For the foregoing reasons, plaintiffs have failed to demonstrate a genuine dispute on the issue of whether CSAC was the loan's original guarantor.
3. Default and Assignment
ECMC asserts that, as the loan's guarantor, it was required to take the complained-of actions after Alia defaulted and ECMC took assignment of her note. Plaintiffs' final category of factual challenges is addressed to whether Alia actually defaulted on her loan and on whether ECMC took assignment of her note.
Plaintiffs assert that Alia's loan was never in default; rather, Navient agreed to write off the loan. In support, plaintiffs cite to Navient's payment history for Alia's account. See doc. no. 54-1 at 1-6. However, this payment history shows only that, on the same day Navient received default claim payments of almost $15,000, Navient wrote off approximately $700 worth of charges on Alia's account. This document fails to demonstrate that Alia's loan never entered default status; if anything, the loan history indicates that Alia had defaulted by the time ECMC paid the default claim in July 2017. The last payment toward Alia's principal or interest on the payment history is dated April 22, 2016. See 34 C.F.R. § 682.200(b) (defining default).
Plaintiffs assert that ECMC has not produced evidence that ECMC paid a default claim. Plaintiffs are incorrect. See doc. nos. 53-19 (Navient principal payment balance history showing that claim payments totaling approximately $15,000 were made on July 6, 2017), 53-22 (letter from ECMC to Alia stating that ECMC paid default claim of approximately $15,000), 53-9 (NSLDS showing that ECMC was guarantor at time of default).
Finally, plaintiffs argue that ECMC did not take assignment of Alia's promissory note because ECMC sent plaintiffs a notice of tax offset stating that the Department of Education held a claim against Alia that it intended to satisfy by seizing her tax refund. However, given that guaranty agencies are intermediaries between the Department of Education (which reinsures every FFELP loan and which is the guarantor of last resort for each loan) and the lender, stating that the Department holds a claim against Alia is consistent with ECMC's status as the guarantor and as the assignee of the note. See 34 C.F.R. § 682.406(a) (describing conditions under which guaranty agency can obtain reimbursement for default claim payments from Federal government).

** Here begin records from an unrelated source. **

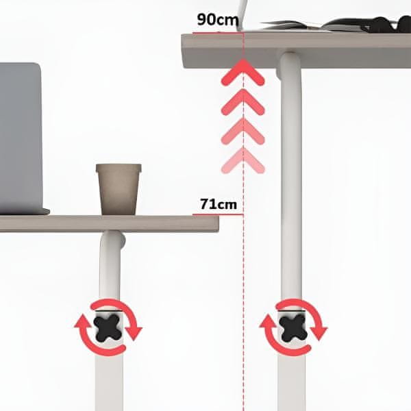 Višino mize lahko prilagodite svojim potrebam. Najmanjša višina: 71 cm, največja višina: 90 cm. Odlična je za sedeča ali stoječa opravila, zato je vsestransko uporabna za vse dejavnosti.
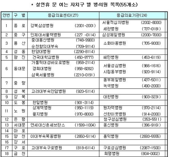 다음은 설 연휴동안 이용가능한 서울시내 응급의료기관 목록.
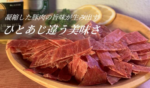 ●歯切れの良い柔らかさで、ビーフジャーキーとは全く違うポークジャーキーです。

For these reasons, plaintiffs fail to demonstrate a genuine dispute as to whether Alia defaulted on her Federal Consolidation Loan and as to whether ECMC took assignment of Alia's note upon her default.
4. Summary
Having resolved plaintiffs' challenges, the court concludes that, even when viewing the facts in the light most favorable to plaintiffs, there is no genuine dispute that: (a) ECMC was the guarantor of Alia's Federal Consolidation Loan no later than 2012; (b) Alia defaulted on that loan no later than July 2017; and (c) ECMC paid the lender's default claim and took assignment of the note that same month. Against this factual backdrop, the court now addresses ECMC's argument that it is entitled to judgment as a matter of law on plaintiffs' FDCPA claims.
C. The Fair Debt Collection Practices Act ("FDCPA")
Congress enacted FDCPA "to eliminate abusive debt collection practices" by "debt collectors." 15 U.S.C. § 1692(e). For example, under FDCPA, a "debt collector may not use any false, deceptive, or misleading representation or means in connection with the collection of any debt," 15 U.S.C. § 1692e, and a "debt collector may not use unfair or unconscionable means to collect or attempt to collect any debt," 15 U.S.C. § 1692f. To recover under FDCPA, the plaintiffs must show that: "(1) they have been the object of collection activity arising from a consumer debt; (2) the defendant attempting to collect the debt qualifies as a `debt collector' under the Act; and (3) the defendant has engaged in a prohibited act or has failed to perform a requirement imposed by the Act." Moore v. Mortg. Elec. Registration Sys., Inc., 848 F.Supp.2d 107, 124 (D.N.H. 2012) (quotation and brackets omitted).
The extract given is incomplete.